Information supplied:

= Beginning of Section =

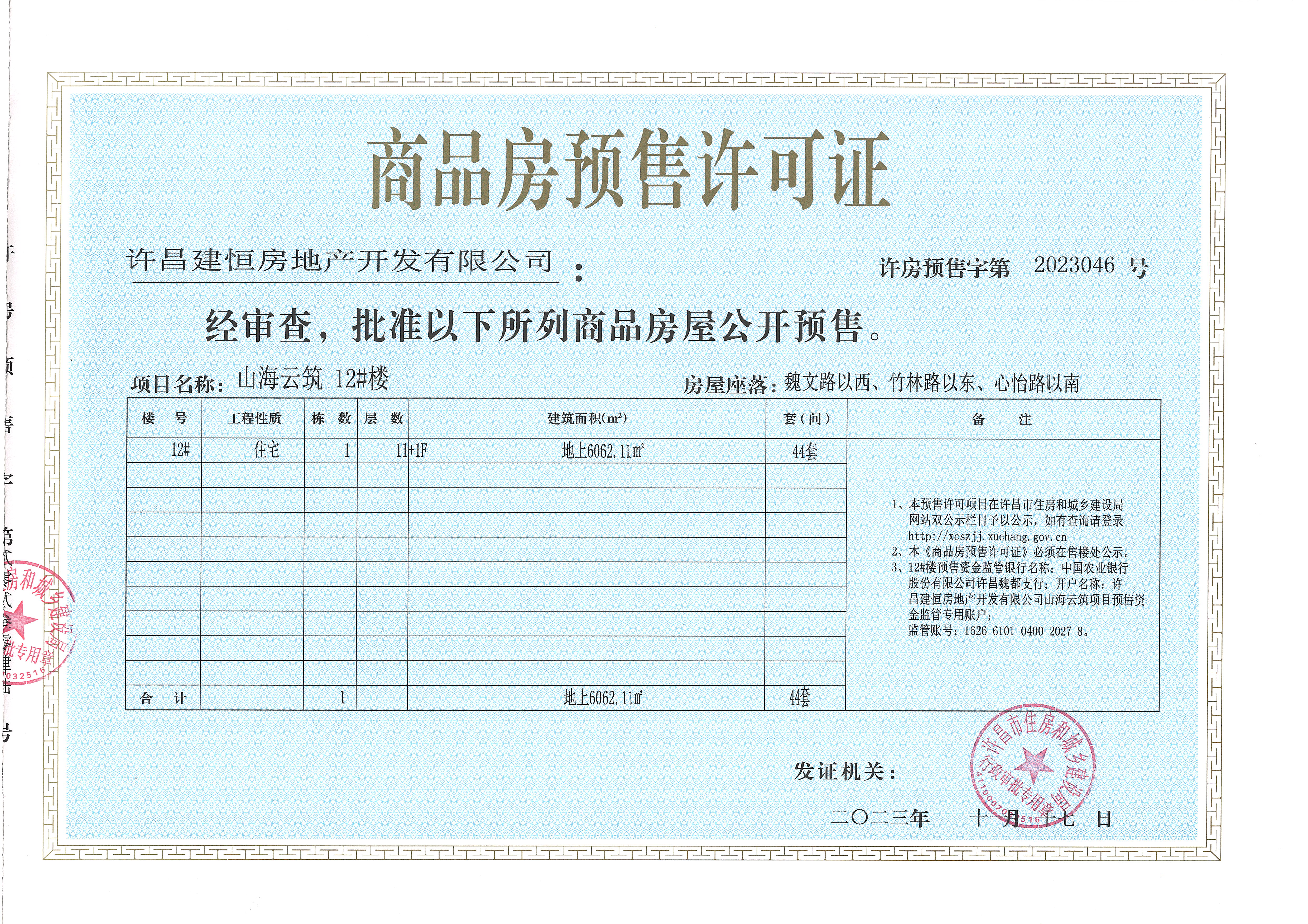 许房预售字第2023046号(许昌建恒房地产开发有限公司)
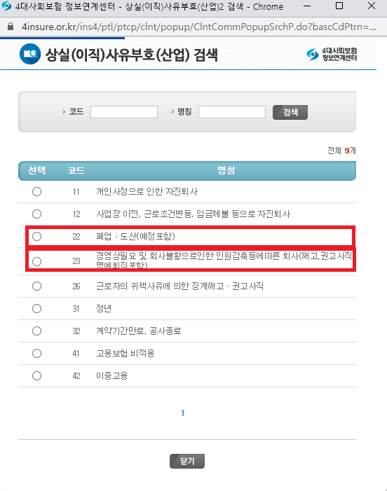 22,23번 코드를 입력하면 근로자가 '실업급여'를 신청할 수 있다. 26번의 경우 신청가능여부를 검토해야한다고 한다.
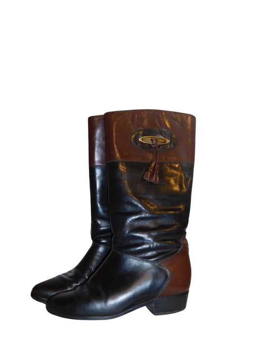 Black and Brown Knee High Boots
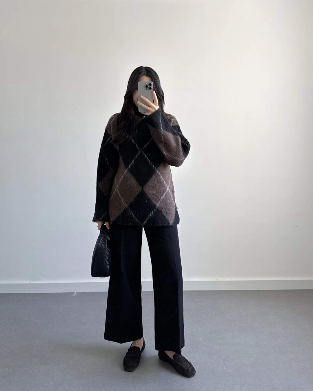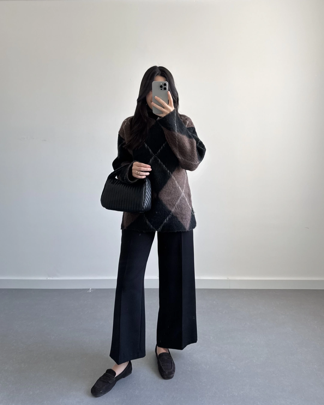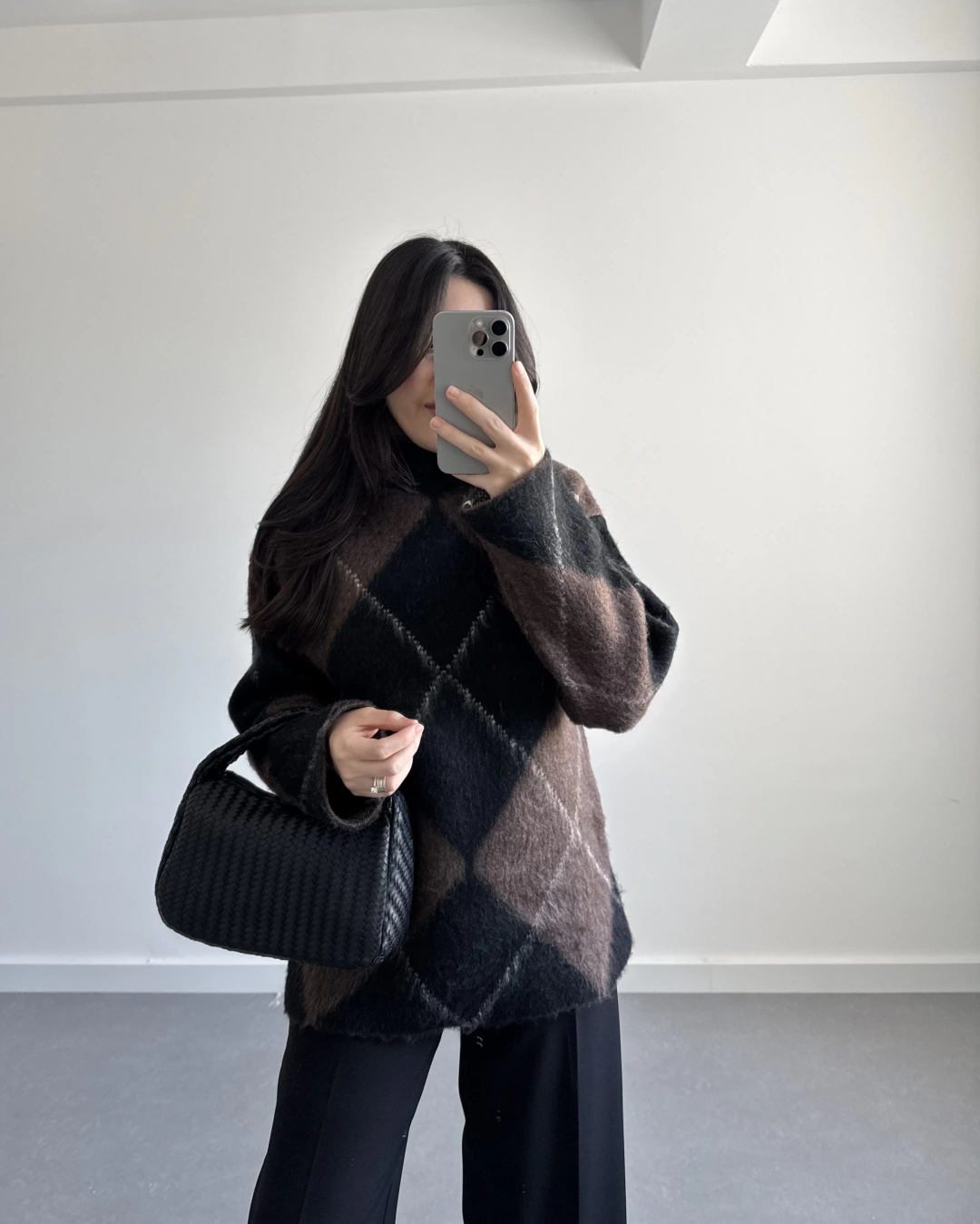 HM BAKLAVA DESEN KAHVE YÜN KAZAK

= End of Section =

Task brief:
Your reply should consist solely of the lines from the line containing "Black and Brown Knee High Boots" through the last line of the listing, unchanged and free of pictures.

Response to the task:
 Black and Brown Knee High Boots
 HM BAKLAVA DESEN KAHVE YÜN KAZAK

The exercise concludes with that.